Strictly sticking to only one approach is usually a mistake. One that is repeated a lot in computer science. There are schools of thought that if everything is the same it will be easier to understand, but what happens is problems that don't exactly fit the mold end up being solved in awkward and inefficient ways. Or development gets slowed because you have to refactor your problem around the tools instead of the other way around.

1 comments

> Early return can get into trouble if you're talking about a function that has a fair bit of state to unwind in the event of an error. Open filehandles, allocated memory, general cleanup stuff.

This is where Lisp's unwind-protect, finally blocks in some languages, defer in Go, and C++'s RAII pattern can come in handy. Especially if you have a healthy respect for goto and want to minimize its presence in your code for various reasons.

`finally` introduces additional blocks, so if you have 5 different resources that you acquire as your function goes along, you end up with 5 levels of curly braces. Not very elegant.

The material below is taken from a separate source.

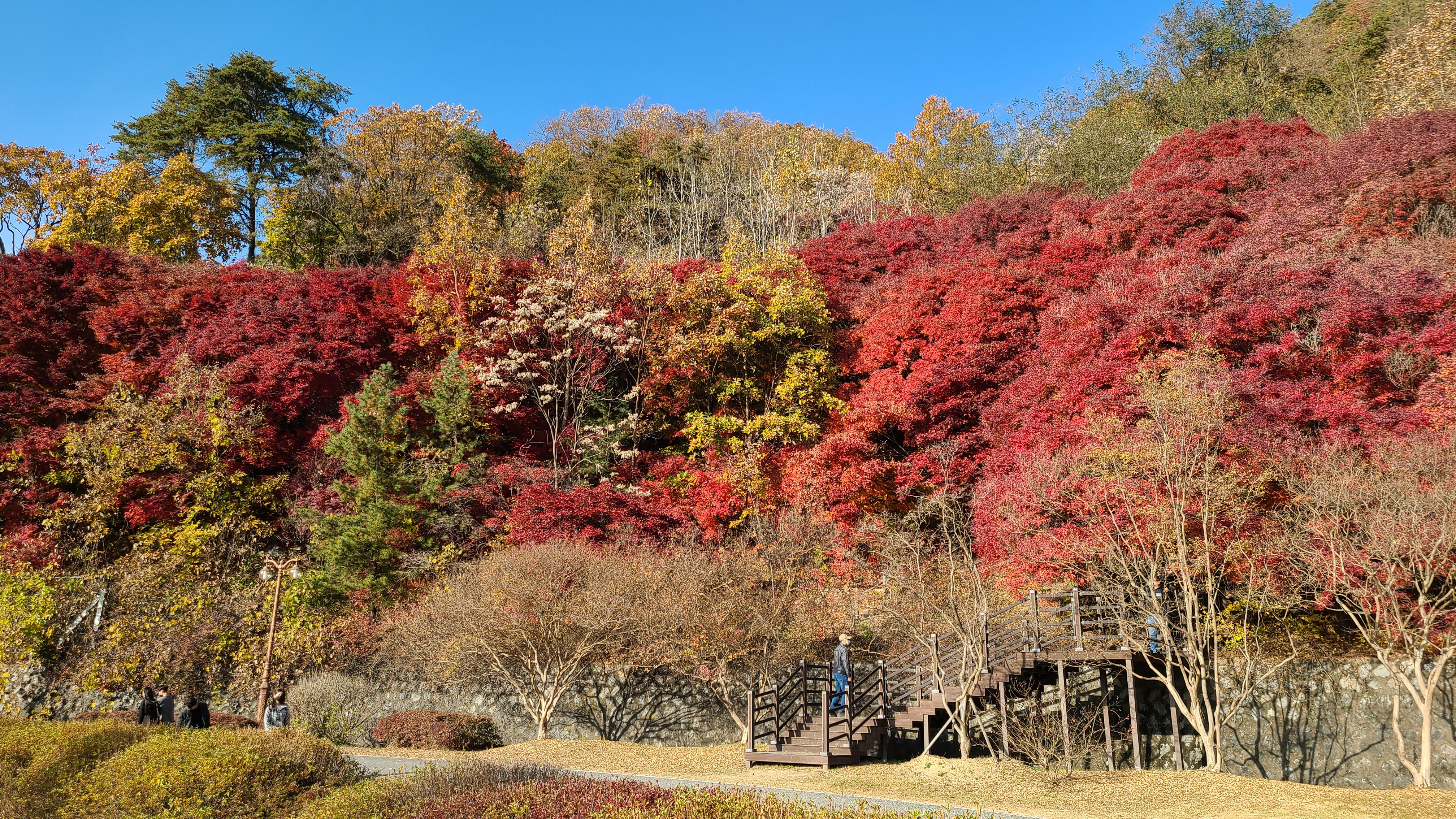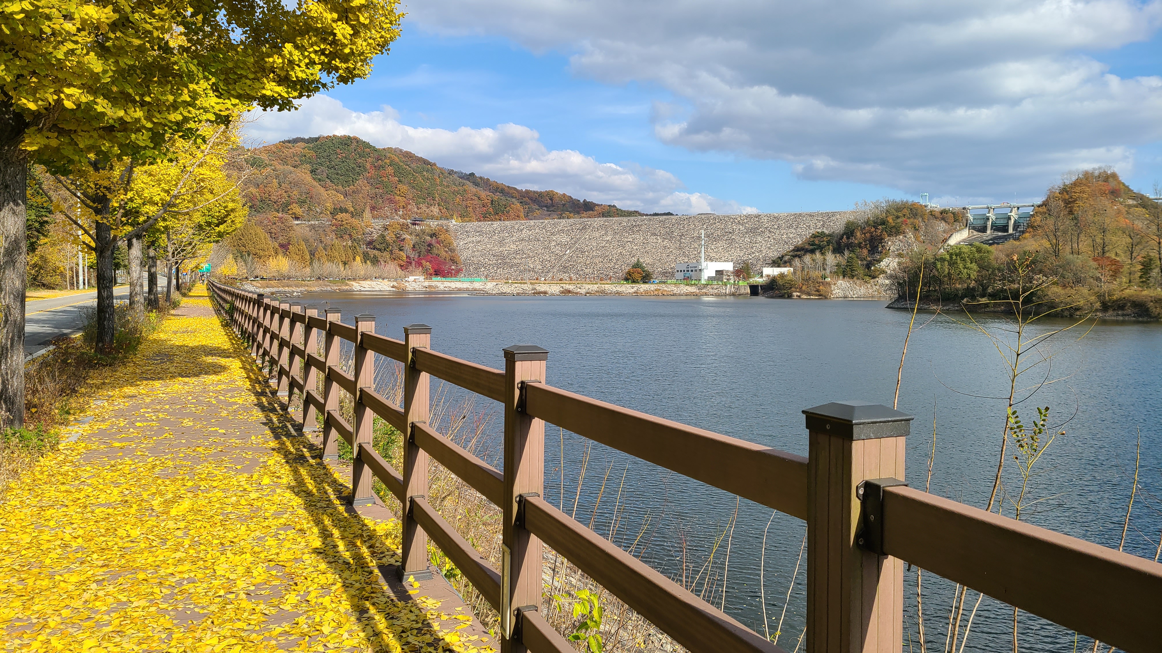 데크를 따라 은행잎을 사뿐히 밟으며 산책을 해 봅니다.

`defer`, on the other hand, is probably the only thing I wanted to take from Go to other languages I worked with. Beautifully explicit and wonderfully useful.

C#’s new syntax for `using` also helps:

Old:

    using (var file = OpenFile())
    {
        // use file
    }
New:

    using var file = OpenFile();
    // file will be disposed when it goes out of scope
> `finally` introduces additional blocks

It would be cool if someone made a way to scope variables at the function level in JavaScript instead of at the block level. I might write a transpiler for it…

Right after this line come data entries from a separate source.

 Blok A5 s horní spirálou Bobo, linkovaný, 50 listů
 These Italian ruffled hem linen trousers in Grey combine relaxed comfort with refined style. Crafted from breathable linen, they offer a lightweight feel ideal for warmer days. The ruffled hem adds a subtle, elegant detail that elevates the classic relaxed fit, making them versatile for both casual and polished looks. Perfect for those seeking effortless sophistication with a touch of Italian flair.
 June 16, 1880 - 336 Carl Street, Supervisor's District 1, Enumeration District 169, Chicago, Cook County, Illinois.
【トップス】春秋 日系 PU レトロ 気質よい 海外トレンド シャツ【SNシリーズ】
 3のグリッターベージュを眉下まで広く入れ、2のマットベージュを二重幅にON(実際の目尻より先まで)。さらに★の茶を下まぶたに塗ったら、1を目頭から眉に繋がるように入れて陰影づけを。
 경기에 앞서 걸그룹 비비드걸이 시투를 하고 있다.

I've never considered writing a proposal for a language feature before, but after 2 minutes of googling, this actually looks completely doable:

https://github.com/tc39/ecma262/blob/master/CONTRIBUTING.md

So, impostor syndrome aside, why not? Wanna team up on that?

whoosh.gif
Okay, it was 2am here and I must have misread your comment and lost the 'variables' part.
It is already possible: var makes a variable function-scoped, let/const makes a variable block-scoped. Or are you referring to something else?
I don't know of an equivalent in the native API, but Bluebird's "disposer" implements this in the context of promises: http://bluebirdjs.com/docs/api/disposer.html

It would be nice if there were an equivalent in the native API. You can use .finally() with chained promises, but as far as I know there's nothing comparable with async/await yet, and that's a much more comfortable syntax with which to work with promises overall.